Steps to reproduce the behavior:

  1. Just try with the following test code:
import torch
from torch import nn
import torch_tensorrt

from diffusers.models.attention import Attention

class AttnModule(nn.Module):
    def __init__(self):
        super().__init__()
        num_attention_heads = 16
        attention_head_dim = 8
        dim = num_attention_heads * attention_head_dim
        dropout = 0.0
        attention_bias = False
        upcast_attention = False
        attention_out_bias = True

        self.attn = Attention(
            query_dim=dim,
            heads=num_attention_heads,
            dim_head=attention_head_dim,
            dropout=dropout,
            bias=attention_bias,
            cross_attention_dim=None,
            upcast_attention=upcast_attention,
            out_bias=attention_out_bias,
        )

    def forward(self, sample: torch.Tensor):
        return self.attn(sample)

model = AttnModule().to(device='cuda').eval()  # torch module needs to be in eval (not training) mode
model = model.half()

a = torch.randn((1, 128, 128), device='cuda').half()
traced_model = torch.jit.trace(model, a).half().cuda()

print('traced_model', traced_model.graph)

enabled_precisions = {torch.half}  # Run with fp16

with torch_tensorrt.logging.debug():
    trt_ts_module = torch_tensorrt.compile(
    #traced_model, inputs=[t debug=True,orch_tensorrt.Input((1, 128, 128), dtype=torch.half, name="sample")], enabled_precisions=enabled_precisions, truncate_long_and_double = True
        traced_model, debug=True, ir="torchscript", inputs=[torch_tensorrt.Input([1, 128, 128], dtype=torch.half, name="sample")], enabled_precisions=enabled_precisions
    )

c = torch.randn((1, 128, 128), device='cuda').half()
# warm up
model(c)
traced_model(c)
trt_ts_module(c)

import time
start = time.time()
for i in range(100):
    with torch.no_grad():
        result = model(c)
torch.cuda.synchronize()
print('cost0:', time.time() - start)

start = time.time()
for i in range(100):
    with torch.no_grad():
        result = traced_model(c)
torch.cuda.synchronize()
print('cost1:', time.time() - start)

start = time.time()
for i in range(100):
    with torch.no_grad():
        result = trt_ts_module(c)
torch.cuda.synchronize()
print('cost2:', time.time() - start)

Expected behavior

Code run correctly

Environment

Build information about Torch-TensorRT can be found by turning on debug messages

Additional context

tensor_rt_attn.log

narendasan commented 4 months ago

When looking at your reproducer, I noticed that you had truncate_long_and_double enabled earlier but have it commented out? When I try running it through the torchscript frontend with that feature enabled on main seems like it works fine? Also if you are tracing to work around torchscript limitations you might want to use the dynamo frontend, if you still need torchscript at the end, you can torch.jit.trace the output of torch-tensorrt but you will have access to all the latest features we have been adding.
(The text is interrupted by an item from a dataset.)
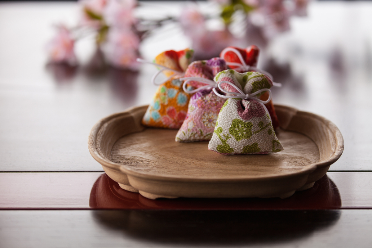 まずは、平安貴族の文化に触れる枕香づくりの体験からご紹介。創業300年以上の歴史を持つ京都の老舗香木店「山田松香木店」監修のもと、「土のぬくもり」や「若芽の息吹」といった春待ちをテーマにした数種類の香原料を自由に調合し、世界に一つだけの香りを作ることができます。春の象徴である「桜」や「梅」をあしらった上質なちりめん袋に収めて完成! プレゼントにしてもよろこばれそうです。

supermeng commented 4 months ago

@narendasan Hiļ¼Œthanks so much for your reply, If I enable the truncate_long_and_double there would be another dtype dismatch(float with half) error. And what confused me is that there are no double dtype in all tensor calculations. Also it would cost much more time than eager or torch.jit.trace mode when I am using dynamo frontend.

supermeng commented 4 months ago
image
narendasan commented 4 months ago

@narendasan Hiļ¼Œthanks so much for your reply, If I enable the truncate_long_and_double there would be another dtype dismatch(float with half) error. And what confused me is that there are no double dtype in all tensor calculations. Also it would cost much more time than eager or torch.jit.trace mode when I am using dynamo frontend.

There may be int64 types in your code (including things like index) which require the use of that setting.